By 2005 the FBI received over 200 leads in the case. Most were from outside Arizona, and dozens came from outside the United States, including possible sightings in Canada. Because of Brown's "California surfer dude" appearance and ability to blend into crowds, the FBI has had more leads on Brown than on anyone else on its Ten Most Wanted list, and most of them proved to be false leads. Reporters noted Brown's striking resemblance to actor Sean Penn; one of Penn's body doubles was once arrested by authorities when they mistook him for Brown.

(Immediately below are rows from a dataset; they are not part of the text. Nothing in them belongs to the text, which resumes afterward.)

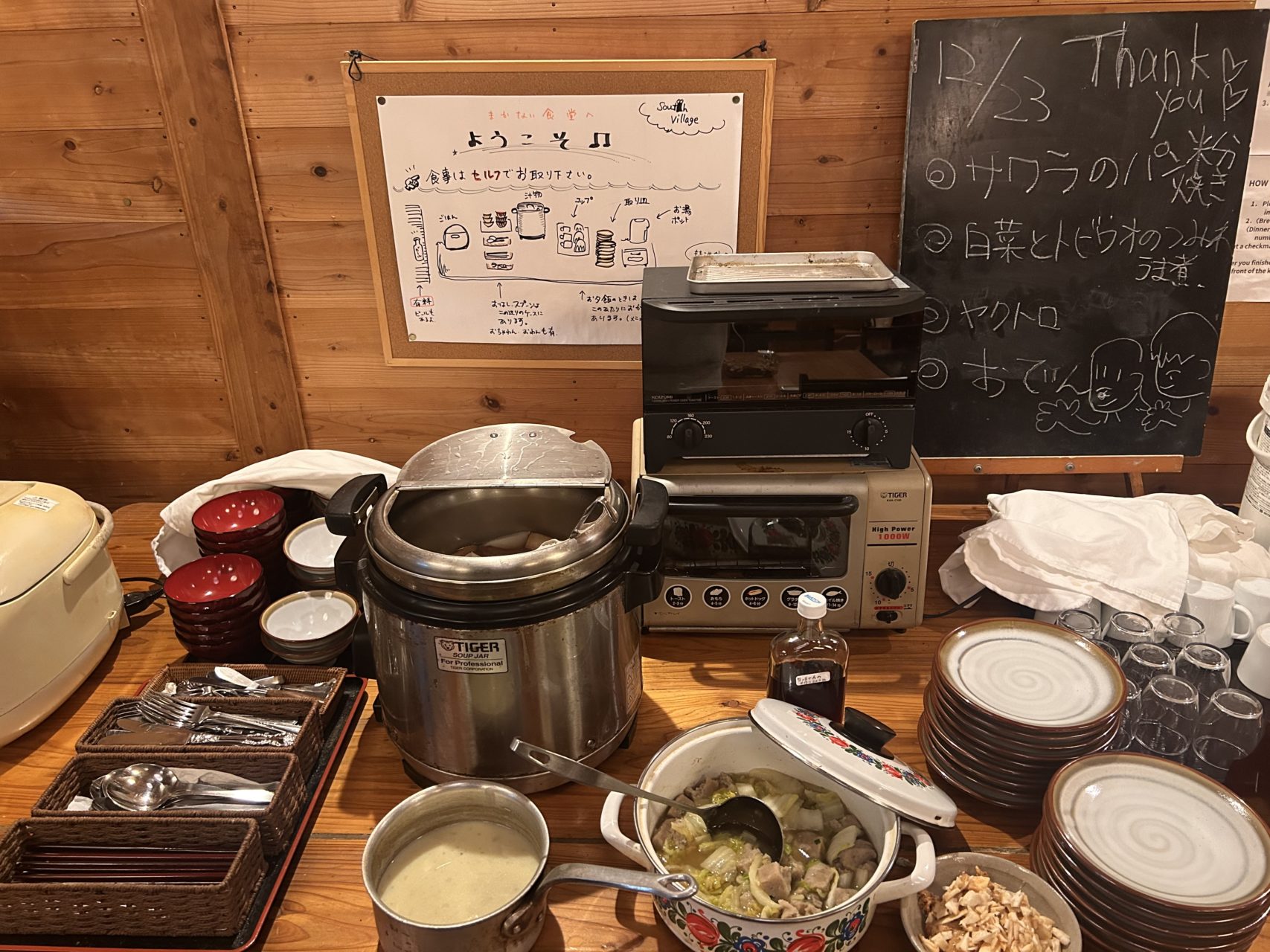 シェアハウスの方々もスープやおでん、お刺身などたくさんの料理を用意してくださいました😭
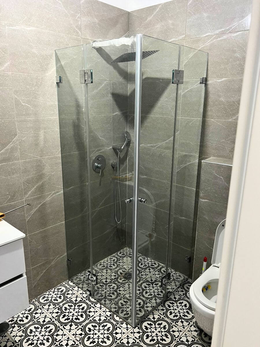 מקלחון בעיצוב יוקרתי בהתאמה אישית, עם שתי זכוכיות קבועות, שתי דלתות מתקפלות ופרזול ניקל מבריק.
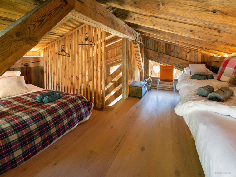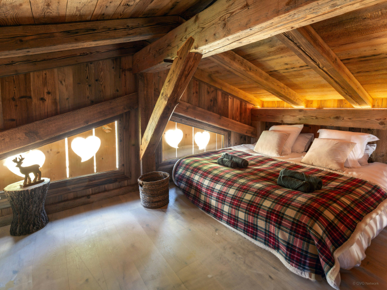 Une ravissante chambre a été aménagée sous la charpente, magnifiée par les poutres et les volets en forme de cœur. Elle propose un grand lit double et deux lits simples, ce qui en fait un cocon chaleureux pour des vacances en famille.
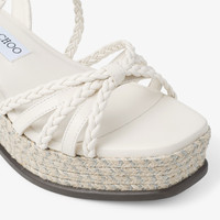 Details, Care & Fit The Nyra wedge sandal is set on a 60mm platform wrapped in metallic jute. Its intricate straps features a mix of slender and rounded braided and soft latte Nappa leather straps, elegantly interlaced for texture and support. A matching leather knot anchors the design, while the adjustable ankle strap flatters the leg and ensures a secure fit. Finished with a lightweight rubber sole for effortless all-day wear. - Nappa leather - Metallic jute platform - Braided straps - Leather knot - Adjustable ankle strap - Rubber sole - Heel height measures: 60mm / 2.3 inches - Platform height: 30mm/ 1.1 inches - Made in Spain
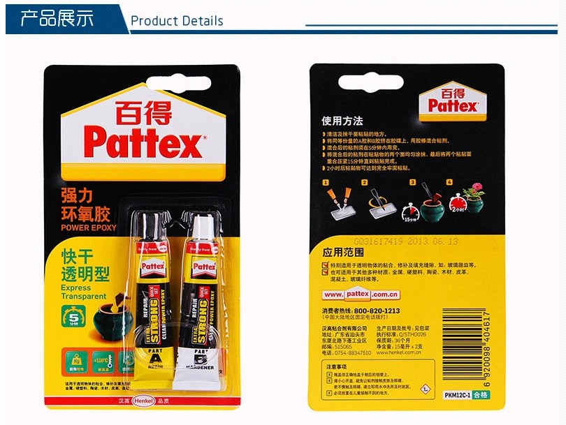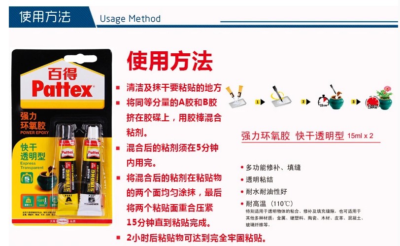 当前位置: 首页 > 办公文具 > 德国汉高百得强力AB胶 透明快干AB胶水 快固环氧树脂胶30ml
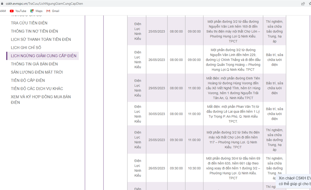 | Điện Lực Ninh Kiều | 25/05/2023 | 8:00:00 | 9:00:00 | Một phần đường 3/2 từ đầu đường Nguyễn Văn Linh hẻm 169 đi đến Siêu thị điện máy nội thất Chợ Lớn – Phường Hưng Lợi Q Ninh Kiều. TPCT | Thí nghiệm, sửa chữa bảo dưỡng Trung, hạ áp |
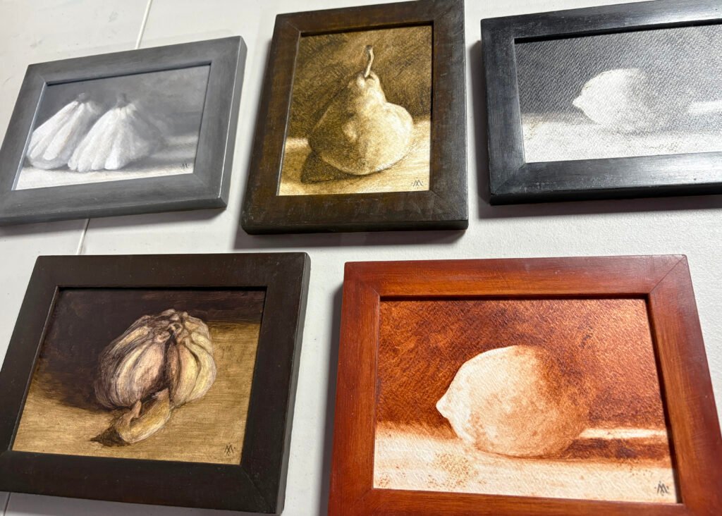My first series of “vegetable icons” is currently framed in hand-oil-painted frames, using the same pigments used for the image. The framed size is 6 3/4″ x 8 3/4″.
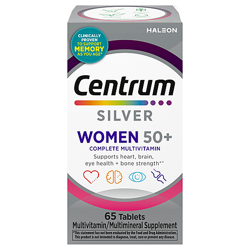 Centrum Silver Women's Multivitamin for Women 50 Plus brings you a tailored multivitamin/multimineral supplement that contains micronutrients to help support full body wellness (1). This women's vitamin with iron contains essential nutrients, including vitamin D and calcium to support strong bones and B Vitamins to help promote heart health (1, 2). This multivitamin for women over 50 also contains zinc and B Vitamins to help support normal brain function and Vitamins A, C, and E for eye health (1, 2). Key micronutrients in these multivitamins with zinc supplements help fill in nutritional gaps to promote overall wellness and vitality (1). These women's vitamins are verified Non-GMO (3) and gluten free. This women's multivitamin with iron features a smooth coating that makes it easy to swallow. Simply take one multivitamin daily to provide your body with essential vitamins and minerals. Help support full body wellness (1) with Centrum multivitamins for seniors, the #1 doctor and pharmacist recommended brand.
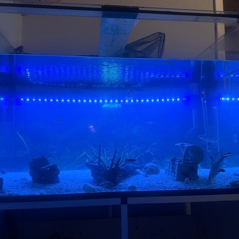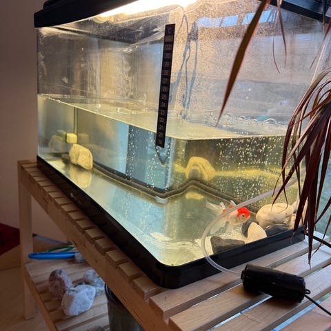 Har litt riper på glasset pga grus, har ingenting å si for kvalitet. Kan evt fikses med glasslim som jeg kan tilby om det er ønskelig. Fisk må følge med. Selges pga jeg ikke har tid til å vedlikeholde mer. Ps. Litt grums i bildet pga nylig vannbytte. Om det skal være noe spm bare spør i vei! 70liter.
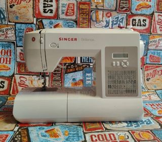 Máquina de coser Singer Brilliance 6180 en color blanco. Además de lo que se ve en las fotografías tiene libro de instrucciones y mesa extraíble, para facilitar la costura. Mide de alto 20,5 cm x 42 cm de ancho y 31 cm de fondo. Pesa 6,2 kg, lo que la hace fácil de transportar. Ha sido usada, pero se halla en optimas condiciones. Cose con cualquier hilo, si bien la calidad del hilo se nota, haciéndose más cómoda la costura, con un hilo de buena calidad. - Incluye pedal.
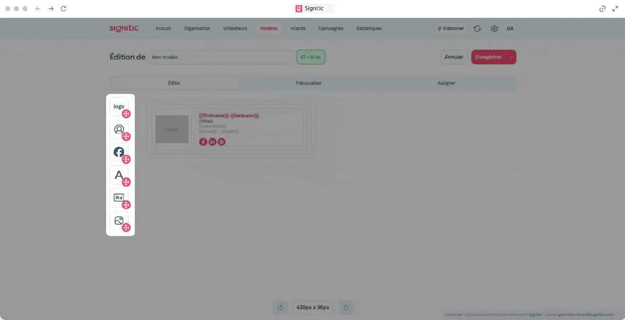 Creation sidePositive Signitic offers a drag & drop editor without a line of code. You build your templates visually, adjust the colors and typography, and it’s ready. Marketing teams keep control of the design without depending on a developer for each change.
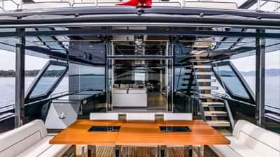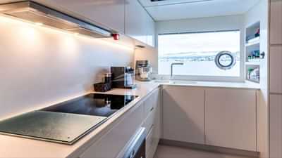 Amenities on board for the charter guests include Air Conditioning, BBQ, Beach club, Coffee machine, Jacuzzi on deck and Wi-Fi.
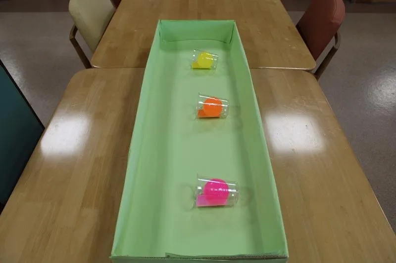 今回は二人一組になり、カラーボールを使って色分けされているカップに入れるゲームを行いました!!息を合わせて挑戦する様子をご覧ください!
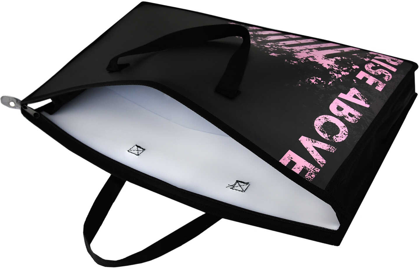 Серия: Дерзкий розовый Папка для чертежей и рисунков предназначена для хранения чертежей, рисунков и прочих бумаг с максимальным форматом А3, выполнена из прочного пластика. Папка содержит одно вместительное отделение. Надежная застежка-молния обеспечивает максимальный комфорт в использовании изделия, позволяя быстро открыть и закрыть папку. Папка снабжена двумя текстильными ручками для переноски, регулируемых по длине. Есть внутренний ПВХ карман. |
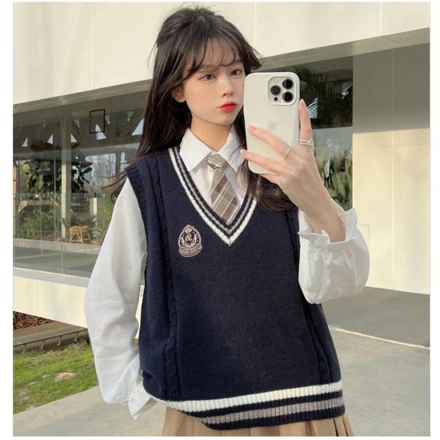 風 ベスト 女子高生 スクール 春 スクールベスト 男子 学生 スクール ベスト 高校生 Vネック 女子 中学生 高校生 スクールベスト 制服 制服 秋 通学 ニット 中学生女子 刺繍 無地 可愛い ゆったり 薄手 学生服 ノースリーブ 重ね着 プルオーバー 体型カバー
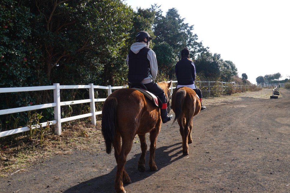 예상보다 더 짜릿했던 승마는 생각보다 어렵지 않고 만족스러웠습니다만일의 사고에 대비하여 헬멧이나 장비 등도 착용하고 있기 때문에 겁이 많은 친구도 안심하고 타는 모습이었어요.
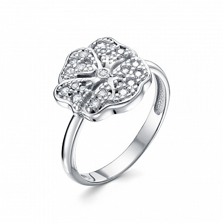 Кольцо с фианитом родированное серебро 925*
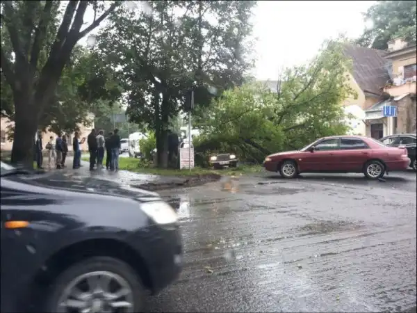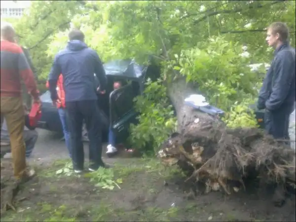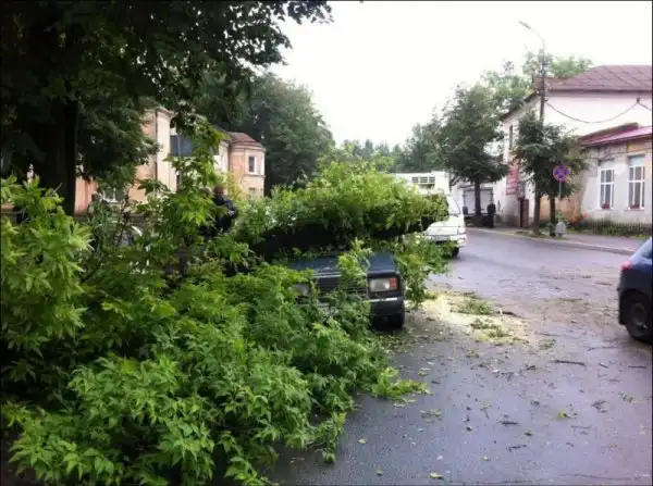 Сегодня в Пскове на автомобиль ВАЗ-2107 упало дерево. Владелец ехал оформлять продажу автомобиля. Более того, он вез в своей машине молодую пару — покупателей. Чудом все живы.

On December 8, 2007, Brown was named by the FBI as the 489th fugitive to be placed on its Ten Most Wanted list. The FBI offered a reward of up to $200,000 for information leading to his capture (the reward was doubled on March 25, 2013). The most recent disclosed credible sighting came in August 2008, near the Hogle Zoo in Salt Lake City. An acquaintance of Brown, someone who went to missionary training with him and accompanied him on his mission to France, recognized him when they were both stopped at a traffic light. Upon their mutual recognition, Brown promptly accelerated through the stoplight and sped away. The witness shared his sighting with the authorities. According to him, Brown had a deeper tan and had longer hair compared to the 2004 photograph on his wanted poster. Brown had previously lived in Salt Lake City and was known to have contacts in the area. Juan Becerra, an FBI special agent in Salt Lake City, suggested that Brown was in Salt Lake City to visit people he knew. "It's very hard for individuals to change the way they live, the way they behave," Becerra said. "This is a guy who stays in shape, likes fitness, likes to look good. We're hoping he's ... been seen at a nightclub or fitness club." He stated that Brown was comfortable outdoors, which may have been another reason for wanting to live in Salt Lake City.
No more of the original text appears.